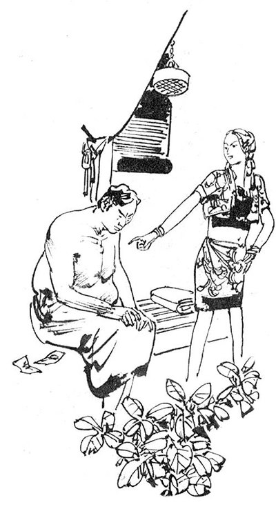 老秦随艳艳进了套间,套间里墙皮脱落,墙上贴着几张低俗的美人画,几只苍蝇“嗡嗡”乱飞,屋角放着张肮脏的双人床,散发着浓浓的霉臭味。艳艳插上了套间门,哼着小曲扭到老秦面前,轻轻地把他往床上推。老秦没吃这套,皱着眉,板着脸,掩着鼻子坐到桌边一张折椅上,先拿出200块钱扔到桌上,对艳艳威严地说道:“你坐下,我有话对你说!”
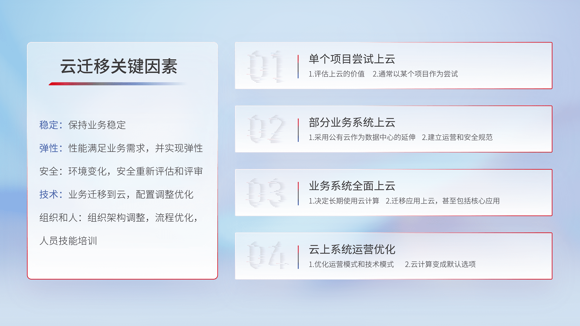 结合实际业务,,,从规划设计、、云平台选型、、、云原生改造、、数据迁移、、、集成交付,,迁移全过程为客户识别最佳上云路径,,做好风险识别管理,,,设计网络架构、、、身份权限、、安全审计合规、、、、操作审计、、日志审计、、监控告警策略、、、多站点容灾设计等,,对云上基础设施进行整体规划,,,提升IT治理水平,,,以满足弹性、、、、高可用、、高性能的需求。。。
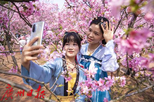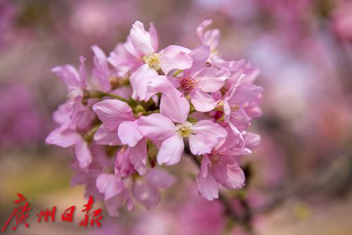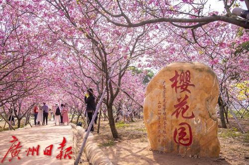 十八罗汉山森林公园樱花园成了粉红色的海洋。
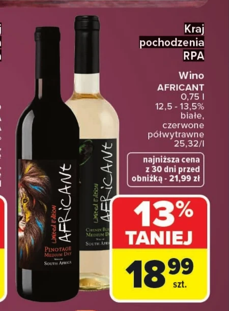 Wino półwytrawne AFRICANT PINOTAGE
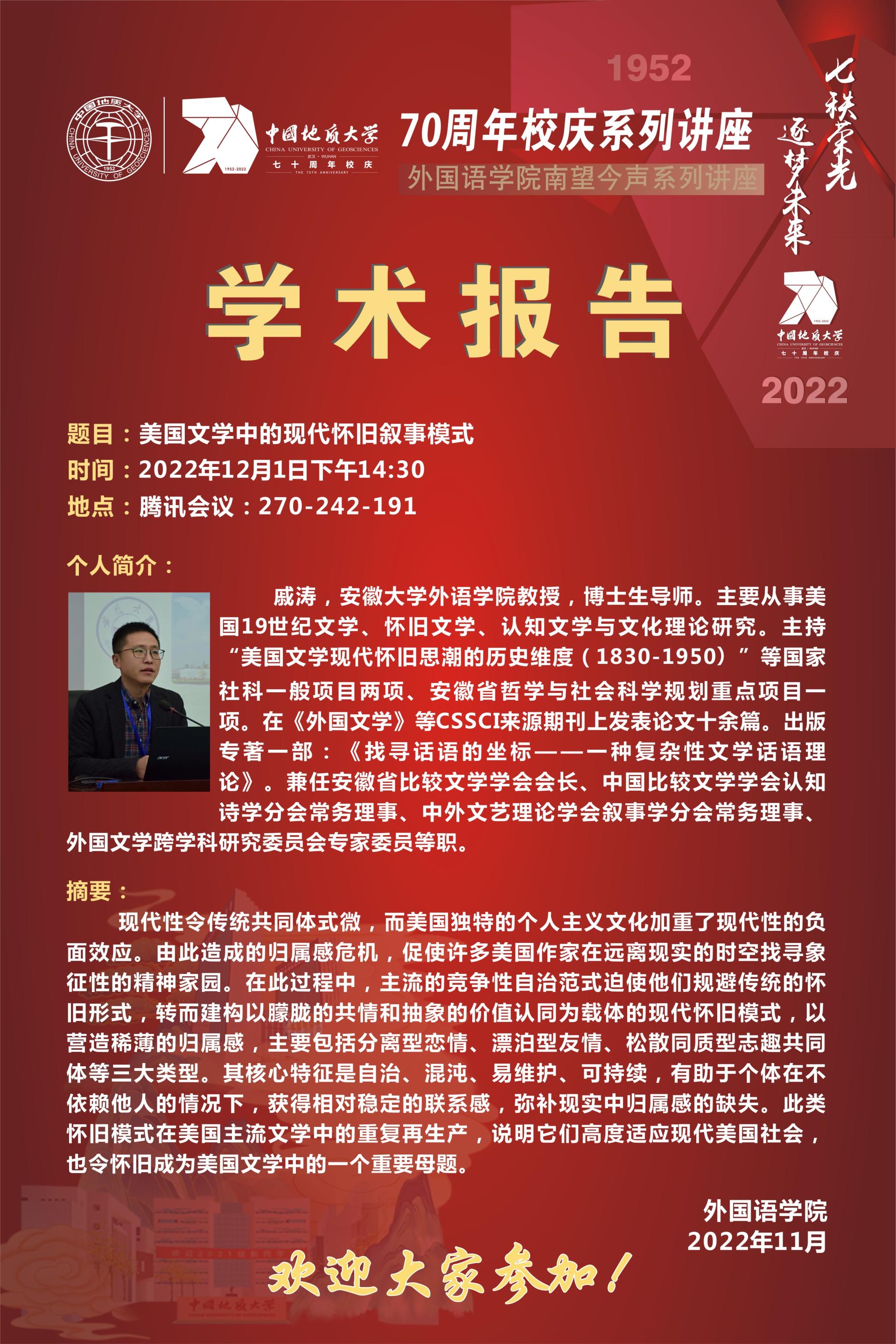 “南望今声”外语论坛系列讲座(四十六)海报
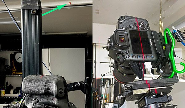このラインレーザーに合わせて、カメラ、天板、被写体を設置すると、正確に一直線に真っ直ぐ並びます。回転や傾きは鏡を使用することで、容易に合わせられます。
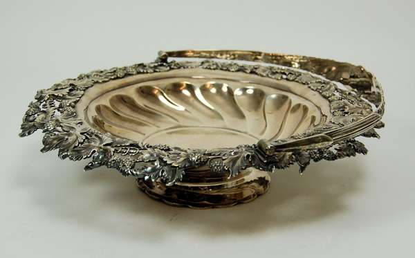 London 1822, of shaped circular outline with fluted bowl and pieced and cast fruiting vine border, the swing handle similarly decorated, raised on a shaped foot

● Exercise description
Repeat the data verbatim, excluding all pictures.

● Answer to the problem
 老秦随艳艳进了套间,套间里墙皮脱落,墙上贴着几张低俗的美人画,几只苍蝇“嗡嗡”乱飞,屋角放着张肮脏的双人床,散发着浓浓的霉臭味。艳艳插上了套间门,哼着小曲扭到老秦面前,轻轻地把他往床上推。老秦没吃这套,皱着眉,板着脸,掩着鼻子坐到桌边一张折椅上,先拿出200块钱扔到桌上,对艳艳威严地说道:“你坐下,我有话对你说!”
 结合实际业务,,,从规划设计、、云平台选型、、、云原生改造、、数据迁移、、、集成交付,,迁移全过程为客户识别最佳上云路径,,做好风险识别管理,,,设计网络架构、、、身份权限、、安全审计合规、、、、操作审计、、日志审计、、监控告警策略、、、多站点容灾设计等,,对云上基础设施进行整体规划,,,提升IT治理水平,,,以满足弹性、、、、高可用、、高性能的需求。。。
 十八罗汉山森林公园樱花园成了粉红色的海洋。
 Wino półwytrawne AFRICANT PINOTAGE
 “南望今声”外语论坛系列讲座(四十六)海报
このラインレーザーに合わせて、カメラ、天板、被写体を設置すると、正確に一直線に真っ直ぐ並びます。回転や傾きは鏡を使用することで、容易に合わせられます。
 London 1822, of shaped circular outline with fluted bowl and pieced and cast fruiting vine border, the swing handle similarly decorated, raised on a shaped foot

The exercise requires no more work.